Willy cut in. “We’ll lie low at my old squat.”
Speedy looked at him quizzically, wondering just what was so special about Little Willy’s ex-home.
Willy smiled almost apologetically. “It’s on the far side of San Pablo Avenue, and it’s right on the border between Berkeley, North Oakland and Emeryville so jurisdiction’s cloudy. We zig and we zag and we wait there a bit. Once the first excitement’s worn off, we move on when they think we’re long gone. Oh yeah, it wouldn’t hurt to have a swap-out vehicle stashed there in case we’re made at the drug house.”
“I’m thinking it’s do-able,” Speedy said. “What’s your take, Bob?”
Fat Bob had been owlishly nodding at Speedy and Willy in turn as they voiced their scheming.
Now Bob frowned. “I’m biased. I picked this one, remember? I want these fuckers to suffer. Payback’s a bitch – I want it so bad I can taste it. Hell, how often do guys like us get revenge and a paycheck at the same time?”
“So what’s the bottom line?” Speedy pressed.
“Like you’re saying, if we hit them fast and ferocious, don’t get made by neighborhood eyewitnesses, don’t get air on top of us before we’re past the Cypress, and don't get spotted crossing any main streets, we can get away clean,” Little Willy said, with perfect authority and his old assurance.
Nothing was mentioned about what would happen inside the drug house. All three of them knew Speedy and Fat Bob together could handle whatever went down in there.
Bob guffawed. “That’s a lot of ‘don’ts,’ but this just might work. In my experience, folks in West Oakland hear a commotion going on down the block, their first response ain’t to stick their noses out the door to be a witness.”
“Check this though,” Willy said, jerking his chin toward his left, in the direction of 34th Street and West Clawson.
Dusk’s gloom had finally settled in, but they could clearly see several little black kids standing around on various roofs up there, yelling and pointing at something in the direction of the Bay. Bob rolled his window down so they could hear better.
“They’re coming!” the distant piping voices yelled. “They’re coming!” All three men in the car craned their heads around, to get a better look at what was attracting the kids’ attention by the water’s edge.
At first Speedy couldn’t see anything, but then he sensed isolated, widely separated motion – low slung creatures slinking toward the children through the growing darkness. A couple of street lights popped on, and Speedy saw what was creeping up on the child sentinels: an army of dozens of stray dogs the color of the mud flats they’d spawned in, coming up into West Clawson to raid.

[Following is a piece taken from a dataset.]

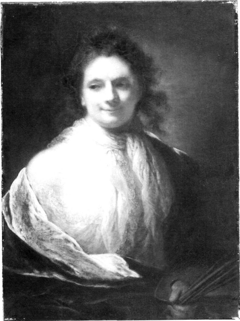
Figure 3. Anna Dorothea Therbusch, Self-Portrait. Stuttgart, Staatsgalerie

Speedy heard hens kicking up a panicked ruckus as a couple of dogs hit a backyard chicken coop in the direction of the New California Barber Shop; from another unseen backyard came the screams of a terrified goat. A man came out on a porch with a hunting rifle and shot one of the dogs as it raced by in the street; he quickly worked his rifle’s bolt, managing to drop another dog before that portion of the pack scattered. Around the way Speedy could hear other firearms speaking: sounded like a couple of pistols and a shotgun.
Only seconds after it had begun, it was over as quickly as it had started. The handful of surviving dogs loped back toward their mudflat dens, one of them with a bloody rooster dangling from its mouth. Speedy could see an injured dog howling in the gutter down by and the House Of God Spiritual Temple, left behind by its pack mates and taking its own sweet time to die. Apparently impatient, a man from a nearby house trotted out with an axe and finished the dog off.
“Hence West Clawson’s real name,” Willy said, sounding as pleased as if he were personally responsible for this little show. “Dog Town.”
Speedy looked around the neighborhood as if considering it anew. Ultimately, he shook his head. “Bob’s still right. We won’t be here after their kids, or their livestock. This is a drug spat, a fire fight. They’ll mind their business.”
Chapter 25
Fat Bob was rattling on a mile a minute as they walked down the street, his round face joyfully fierce at the team being together and back in the saddle again; ready to inflict their collective will on the world one more time: “This will give us hella fire power. I mean, when we first go through the door, this will show them we mean business right off, you know?”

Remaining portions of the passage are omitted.